Victorian mothers who had their babies removed under historical forced adoption practices can now apply for the Allan Labor Government’s $138 million redress scheme – which recognises the profound and enduring impact of these practices.
Attorney-General Jaclyn Symes announced the scheme last October alongside a group of affected mothers following the eleventh anniversary of the Victorian apology to all those impacted by past adoption practices.
Forced adoption practices compelled mothers to give up their babies for adoption without their willing or informed consent, causing lifelong suffering for the mothers left behind.
These mothers continue to live with the serious, complex and ongoing effects of this trauma and the redress scheme is a step forward in the healing process. Eligible applicants will receive a payment of $30,000 and access to counselling, other psychological support services as well as individual apologies.

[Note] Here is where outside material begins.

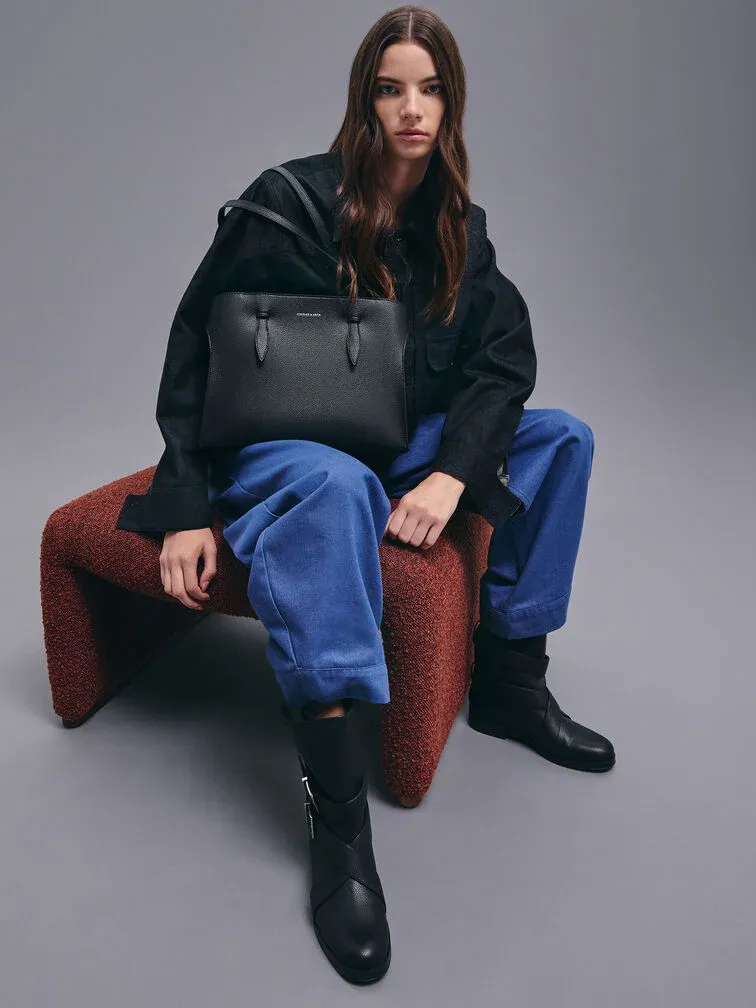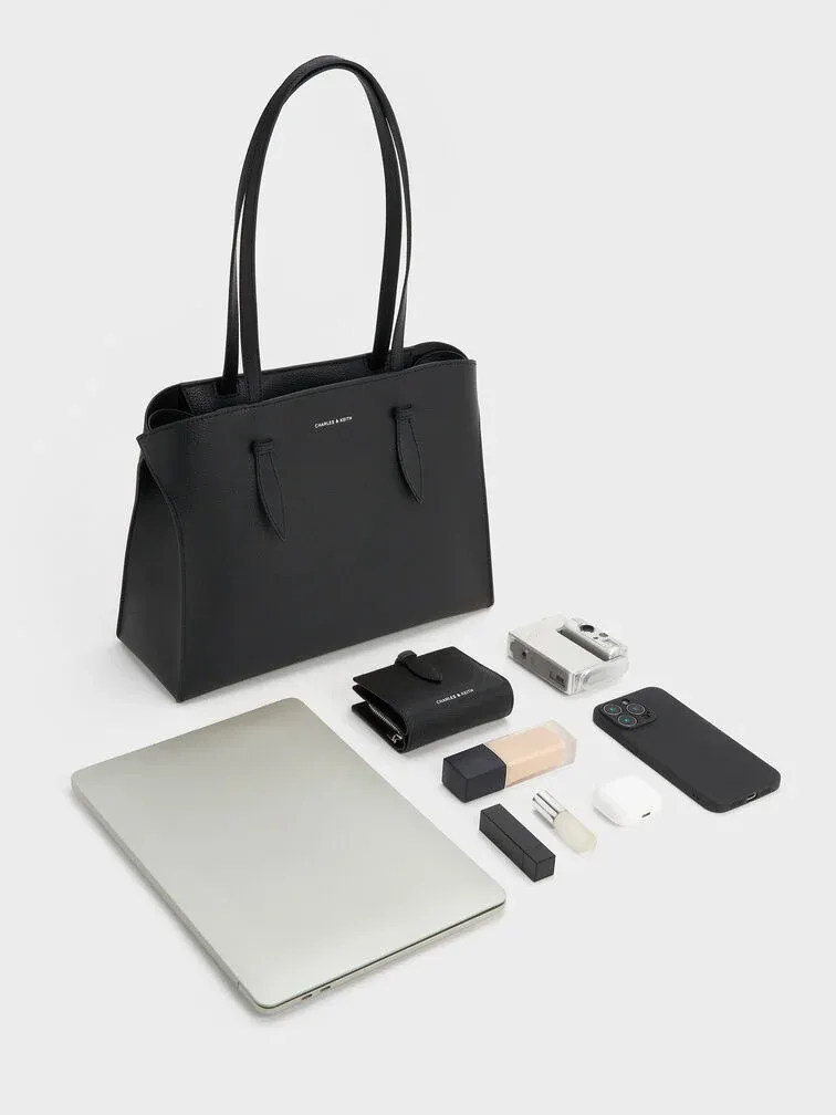 This Allyn tote bag in black features elongated handles, a clean-lined, minimalist design and a spacious interior. A modern classic, it is versatile, understated and polished -- carry it with tailored separates or structured dresses.

The scheme is the first of its kind in Australia to recognise the impact on mothers subjected to the practice and delivers on a key recommendation from the inquiry into responses to historical forced adoptions in Victoria.
Eligibility extends to mothers who gave birth in Victoria, or were a Victorian resident but gave birth interstate, and were forcibly separated from their newborn baby prior to 1990.
During the application process, a dedicated support team will be available to answer any questions, guide mothers through the application process and assist them with any supporting information that may be required.
Quotes attributable to Attorney-General Jaclyn Symes
“We would not be here today without the brave women who shared their painful stories. Thank you for your tireless advocacy and for paving the way for others.”
“We can’t take away the pain, but we can acknowledge the damage these practices have caused and contribute to healing the injustices of the past.”